YOUR INSTRUCTIONS: Would you output all the lines below precisely as they stand, leaving each picture out?

*** SOURCE DATA Section Begins ***

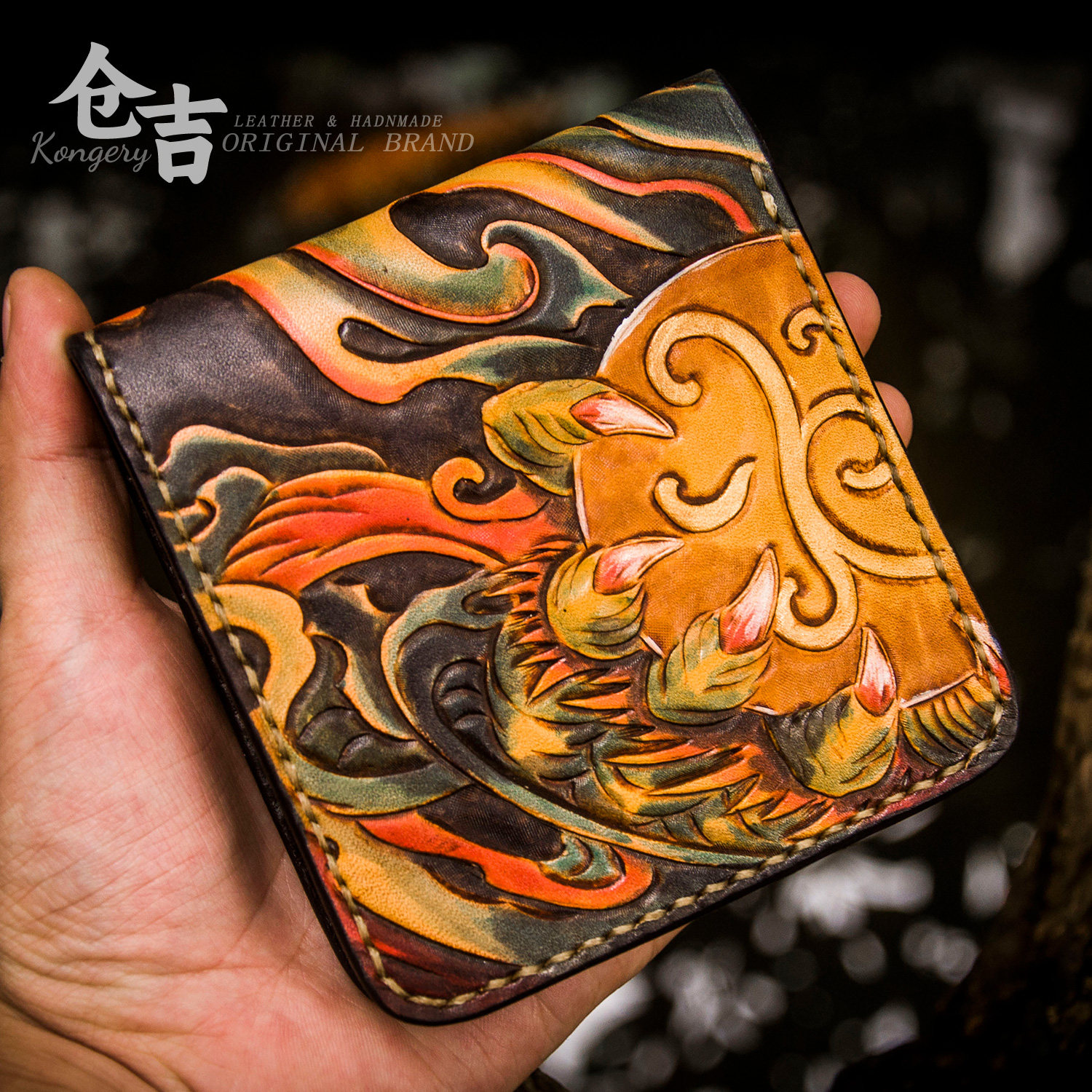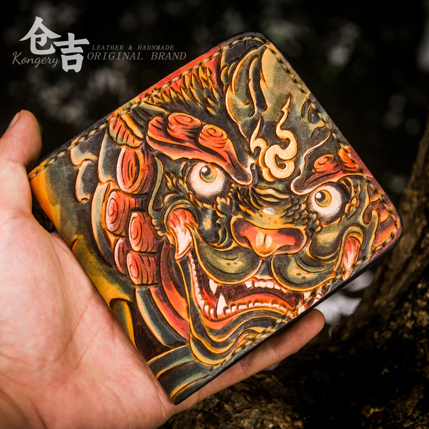 淘宝福狮献瑞!聚财!钱包男女短款钱夹皮雕唐狮民族风横款真牛皮卡包
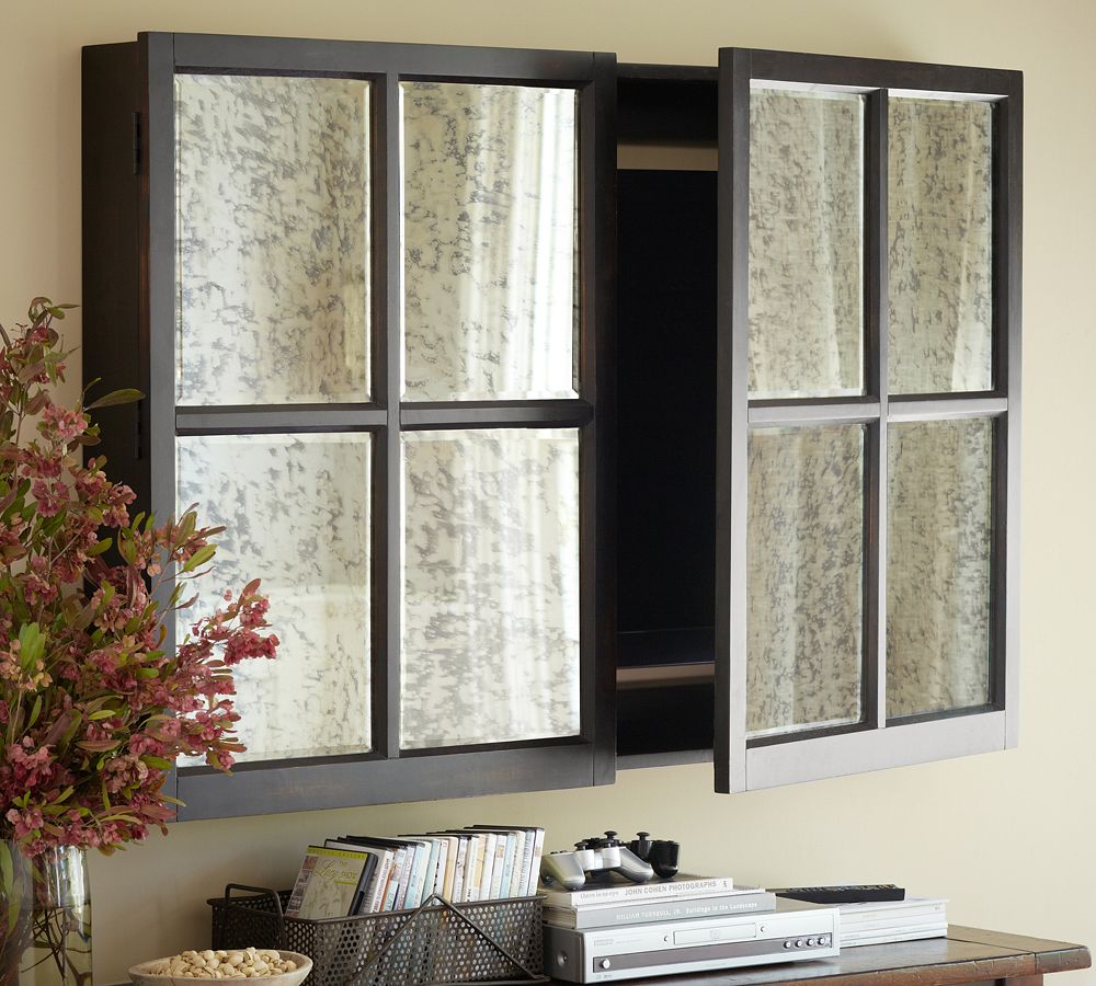 The mirrored windowpanes on these doors are decorative wall art when closed, and are designed to conceal a TV screen when it’s not in use.
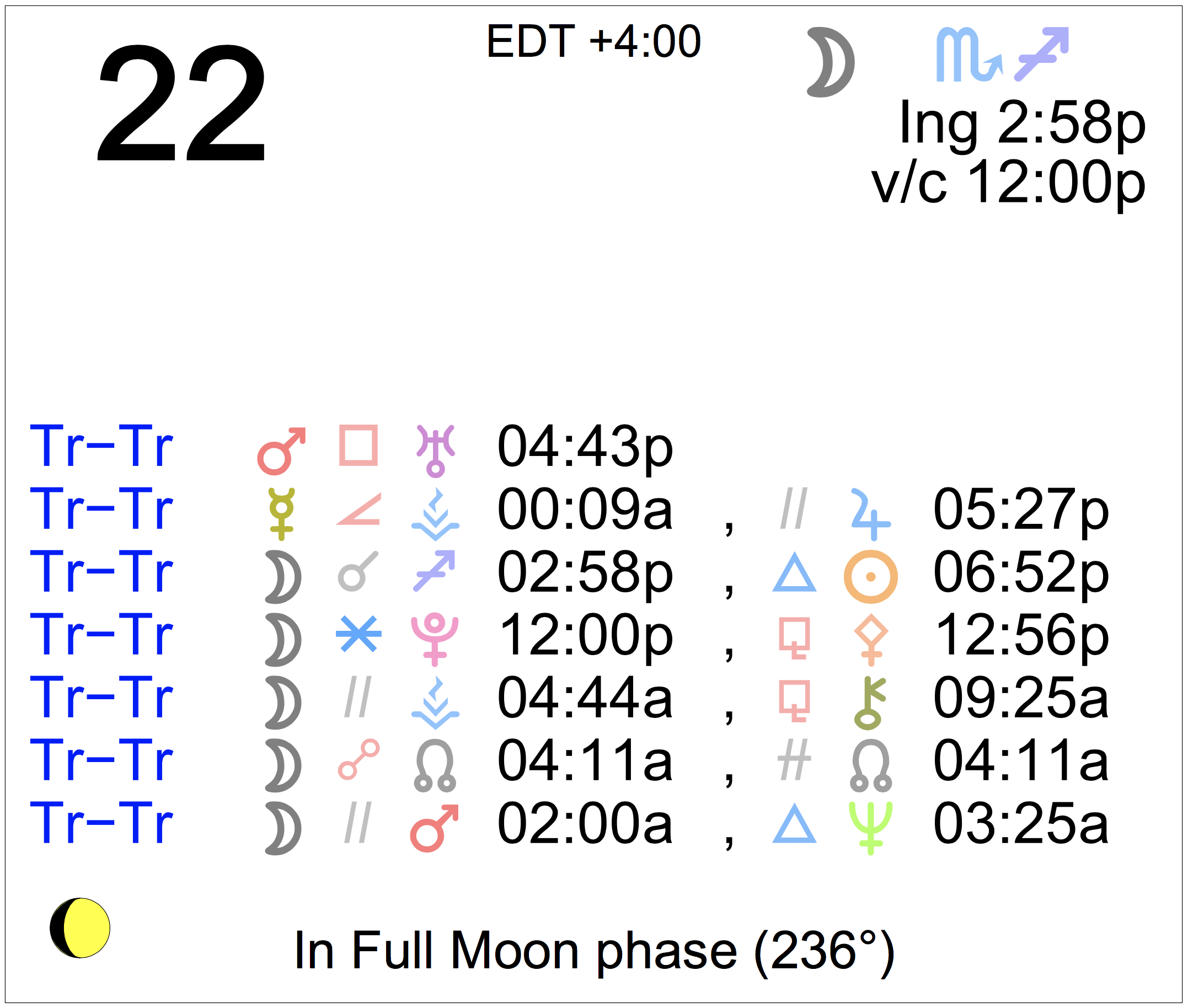 Planet Color Key: The longer the bar, the slower the aspecting planet, and the longer the duration of the planet’s transit.

*** SOURCE DATA Section Ends ***

THE COMPLETED TASK:
 淘宝福狮献瑞!聚财!钱包男女短款钱夹皮雕唐狮民族风横款真牛皮卡包
 The mirrored windowpanes on these doors are decorative wall art when closed, and are designed to conceal a TV screen when it’s not in use.
 Planet Color Key: The longer the bar, the slower the aspecting planet, and the longer the duration of the planet’s transit.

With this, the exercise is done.